Women in Computing History, Short Essay

Week 5: February 22-26

This week’s unit is calledComputer Love: Gender, Sex, and Computing Before the Internet

You read Drucker, “Keying Desire: Alfred Kinsey’s Use of Punched-Card Machines for Sex Research,” 21 pp.

and Hicks, “Computer Love: Sex, Social Order, and Technological Matchmaking at the Dawn of the Electronic Age, 1950-1979

Optional: Hicks, “The Mother of All Swipes

Short Paper Assignment: In the Drucker article, we see a very clear example of how computers construct the categories that go on to define sexuality over the course of the 20th century and through to the present day. How is this similar to the point made in the Hicks article about heteronormativity? Think back to the other things we’ve read so far during this semester: how has heteronormativity defined the shape of computing in important ways in other instances? Given this, what can you say about the relative importance of sexuality on the history of computing? What role does it play alongside gender, race, nationality, and class? How does this change our understanding or lead us to new insights? Make sure your paper has a clear, original argument. Length: 800-1500 words, due on March 8th, uploaded as a comment to this post (not the message boards).

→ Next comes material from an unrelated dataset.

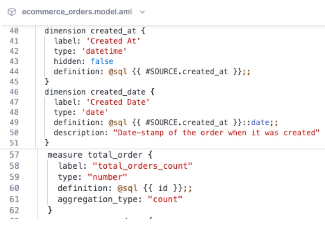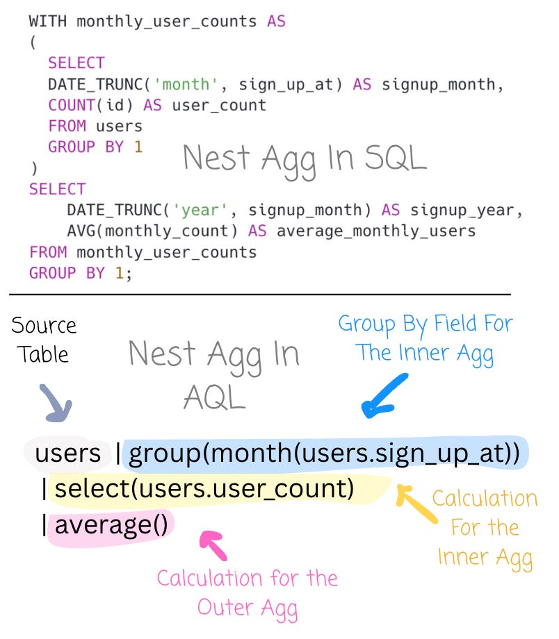 AQL treats metrics as first-class citizens, making metric definition composable and reusable. This differs from SQL, where everything is a query. If you want to reuse a piece of metrics, you must save the query that calculates it somewhere, such as in a CTE, a view, or a table. When adjusting the metric logic, you must modify the query.

Note: Please LEAVE AN EXTRA LINE of space (hit ‘return’ or ‘enter’ twice) after every paragraph, because this system strips out indents and your paragraphs will run together in one solid block of text if you don’t leave an extra line. Also, your paper will not be visible as a comment immediately after you post it because I have to read and approve them. Because this website, unlike our class discussion board, can be viewed by anyone on the web, I will only make your post visible if you give me permission to do so–please let me know in your post if you do or don’t want me to make your post visible online. And, you can choose any pseudonym for your screen name–you do not have to use your real name. Just make sure to enter your IIT email address (it won’t be publicly visible) so I can tell who you are.